Thursday, 25 January 2007

Is the NDP built on poor foundations?

This is what Frank McDonald writes in The Irish Times:

The experience of the past 10 years, according to Taoiseach Bertie Ahern, "shows the need for, and benefits of, longer-term policy planning to ensure that we rise to the challenges and maximise the opportunities facing us".
Would that this were true. Although the word "sprawl" is mentioned nowhere in the latest National Development Plan (NDP), the document concedes that most of Ireland's population growth "is taking place in the urban hinterlands".
Among the resulting changes, it says, "are longer commuting times, increasing car numbers and usage, and serious congestion difficulties with attendant impacts on competitiveness, quality of life and the environment".
Had the last NDP been properly focused, some of these negatives could have been avoided - for example, with a determined effort to ensure an adequate supply of affordable housing in Dublin and the smaller cities, in order to curb sprawl.
Instead, the Government adopted a laissez-faire approach to planning, with the result that Dublin's commuter belt now extends to 100km and the same is true, to a lesser extent, within the orbit of Cork, Limerick, Galway and Waterford. There is much emphasis in the new plan on balanced regional development, with the Taoiseach saying implementation of the National Spatial Strategy (NSS) "is crucial to our ability to absorb the huge population growth predicted over the next 20 years".
As the plan says, "economic development in all countries, including Ireland, invariably occurs at a different pace in different regions", reflecting many different factors, "some of which can be directly influenced by Government policy".
The dramatic growth which Dublin has experienced is inextricably related to the fact that it "has spearheaded the growth of the Irish economy" and thus, in terms of scale and significance, it's on a different level to other NSS gateways.
The key question about the latest plan is whether it will succeed in developing these eight gateways and nine "hub" towns in a way that would ensure their growth and prosperity while simultaneously taking some of the pressure off Dublin.
As the NDP says, long-term population trends show that the economically stronger regions are those with large urban centres containing a high proportion of their population. In that broad context, some of the gateways hardly qualify at all.
The best bet in counterbalancing Dublin would be to strengthen the "critical mass" of the Atlantic gateways of Cork, Limerick, Galway and Waterford, both individually and collectively, to develop a second "major metropolitan corridor".
However, apart from better road links between them, there is not much on offer to Ireland's second-tier cities - though one of Cork's real strengths is its scale, which is equivalent to the combined populations of Limerick, Galway and Waterford.
Yet, notoriously, when it came to "decentralising" public servants from Dublin, the Government ignored Cork city, opting instead to scatter them around smaller towns throughout the county, from Clonakilty right round to Youghal.

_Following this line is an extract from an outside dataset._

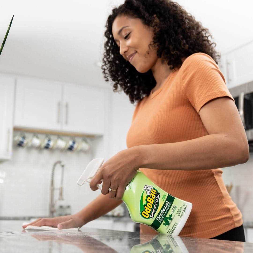 OdoBan Ready-to-Use multi-purpose formula spray does the job of many products in one. It’s an effective cleaner and sanitizer that leaves no residue, and works effortlessly to disinfect hard, nonporous household surfaces. It’s also an effective eliminator of harsh aromas and stenches including pet urine aftermath in carpet, upholstery, and more. It can even stand up to the smell of smoke and can be used in sinks, tubs, and for mopping floors and washing walls. Not only is it an exceptional cleaner, but it’s a great air freshener and will remove harsh smells from any room. It’s also a great way to refresh laundry and fabrics. OdoBan products can be used in both households and business facilities of all types including schools and day cares, hospitals, nursing homes, in ambulances, buses, and trains, in airplanes and taxis, in restaurants and cafeterias; pretty much any place where people commune. When used as directed, OdoBan is safe for use on washable surfaces, including sealed natural stone, stainless steel, ceramic, tile, Formica, fiberglass, rubber, vinyl, terrazzo, and plastic. Safe for use on sealed natural stone countertops and surfaces, like granite, quartz, marble, ceramic, and soapstone. Make Life Fresh with OdoBan.

Had the Government paid any attention to its own spatial strategy, this would not have happened. So now there isn't even a clutch of civil servants to people a single office block that would help underpin the redevelopment of Cork's docklands.
How can this be reconciled with the new NDP's declaration that promoting regional development "will aim to ensure that each NSS gateway region maximises its potential for economic and social development"? The answer is that it can't.

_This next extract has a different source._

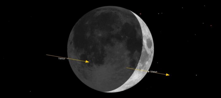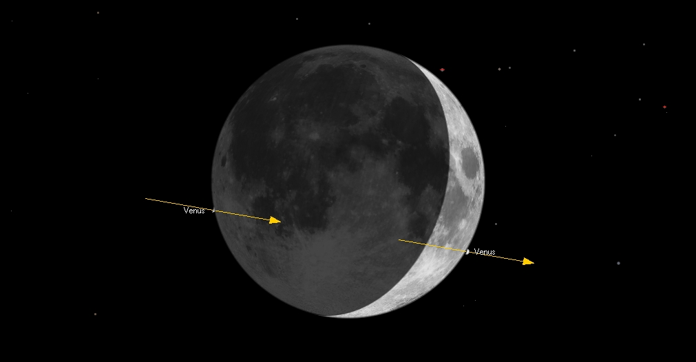 Venus peittyy Helsingissä Kuun taakse 9.11.2023. Venus peittyy klo 12.45 ja tulee esiin klo 14.00. Kuvassa pohjoinen on ylhäällä. Nuolten pituudet vastaavat Venuksen puolessa tunnissa kulkemaa matkaa. Kuvan muodosti Eric Limburgin laatima Lunar Occultation Workbench 4.1 -ohjelma.

It is simply disingenuous to say, as the plan does, that the "direct instrument [ of decentralisation] will strengthen . . . the hub, smaller town and rural structure and complement the key and dynamic role to be played by the gateways".
As for the new Gateways Innovation Fund, worth €300 million over three years, each of the nine gateways (including Dublin) will have to make bids for a share of the money for projects that are not funded by "mainstream capital programmes".
This pilot programme is intended to "stimulate and reward joined-up thinking at local and regional level [ and] bring about better co-ordination in regional development and to support distinctive and innovative projects in gateway areas".
But there is a stick as well as this carrot: local authorities that adopt policies which are inconsistent with the NSS by facilitating development patterns such as extensive low-density housing "will not be favoured by investment under this plan".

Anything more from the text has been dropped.